JpGU-AGU Joint Meeting 2017

Presentation information

[JJ] Oral

P (Space and Planetary Sciences) » P-PS Planetary Sciences

[P-PS08] [JJ] Lunar science and exploration

Sun. May 21, 2017 9:00 AM - 10:30 AM 101 (International Conference Hall 1F)

convener:Hiroshi Nagaoka(Waseda Univ.), Tomokatsu Morota(Graduate School of Environmental Studies, Nagoya University), Masaki N Nishino(Institute for Space-Earth Environmental Research, Nagoya University), Chikatoshi Honda(The University of Aizu), Chairperson:Kazuto Saiki(Graduate School of Science, Osaka University), Chairperson:Hideo Hanada(RISE Project, National Astronomical Observatory)

9:30 AM - 9:45 AM

[PPS08-21] A simulation study of Lunar Farside Lander positioning with a Four-way Lander-Orbiter Relay Tracking Mode

*Mao Ye1, Fei Li1,2, Jianguo Yan1, Weifeng Hao2, Weitong Jin1, Xuan Yang1, Shengkai Zhang2 (1.State Key Laboratory of Information Engineering in Surveying, Mapping and Remote Sensing, Wuhan University, 2.Chinese Antarctic Center of Surveying and Mapping, Wuhan University)
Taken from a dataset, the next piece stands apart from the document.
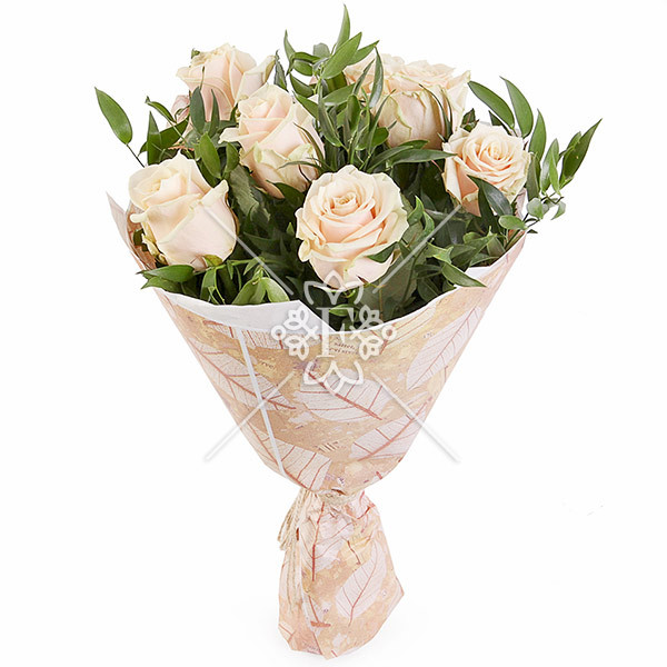 Роза кремовая 7 шт., зелень декоративная, упаковка, лента.

Keywords:lunar farside, lander positioning, precise orbit determination, four-way relay tracking, Chang’E-4

The in-situ exploration of lunar farside is still an international blank until now. The reason is the synchronous rotation of the moon, which results in the unachievable between the lunar farside lander and earth tracking station. The traditional direct tracking mode, such as two-way range/range rate, VLBI delay/delay rate, will be ineffective for the farside lander tracking, therefore it is essential to relay the signal using a relay satellite. In this paper, we firstly give the updated mathematical formulas and the partials for the Four-way Lunar-Orbiter relay tracking measurement. Then, based on the independent precise orbit determination software system WUDOGS, the precise positioning of the lunar farside lander is studied with simulated tracking data. The results show that: with 0.1 mm/s measurement level, the positioning precision of the farside lander could reach the maximum of centimeter level using a circumlunar relay satellite (Fig. 1a); while for the L2 halo relay satellite (Fig. 1b), its accuracy could reach about 10 meters level. The conclusion could provide an important reference for the future lunar farside landing mission, especially for Chinese lunar exploration mission Chang’E-4.